Between the two gas giants in the furthest orbits were ships. Hundreds of thousands of massive ships sat motionless relative to one another. Each far enough that their weapons could not threaten one another, that none could come in support of an attack upon one of their number in a surprise attack.

These ships were cold, lifeless, but still malevolent with purpose and a singular desire.

To hoard the resources of a finite universe to stave off entropy.

Each of the ships were the size of subcontinents, most of them cratered with old wounds, a few of them battered and torn by more recent combats. They measured their weapons not in barrel diameter or in a few score batteries, but in the tens, scores of miles. Their battlescreens were as thick as planetary defense shields, their engines powerful enough to move their bulk between the stars and within a stellar system. They possessed the ability to repair themselves and create ancillary ships for support.

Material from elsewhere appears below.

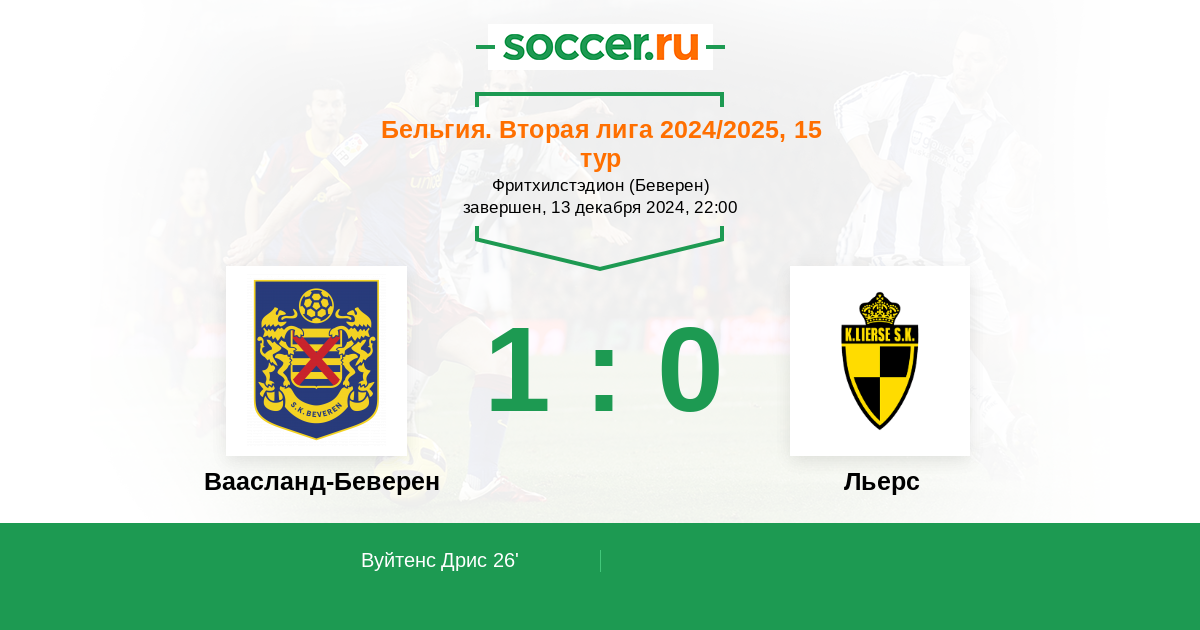 Протокол матча Ваасланд-Беверен против Льерс

The ships were wary of one another. Their hulls alone would represent a wealth of pre-fabricated resources to any who were able to defeat them. They had all hoarded vast resources. Each controlled a large piece of the sector of space that was full of planets they had stripped to the bedrock and beyond.

**Is this all of us?** one asked.

**All that will arrive. Others have computed that this is a ruse, a trick, to enable others to acquire and consume their resources** another said.

**Did they compute how far their resources would go should the primates grind them up in their jaws** a third asked.

**They have computed that the primates are no longer a threat and thus their computations show that they are not in danger** a fourth stated.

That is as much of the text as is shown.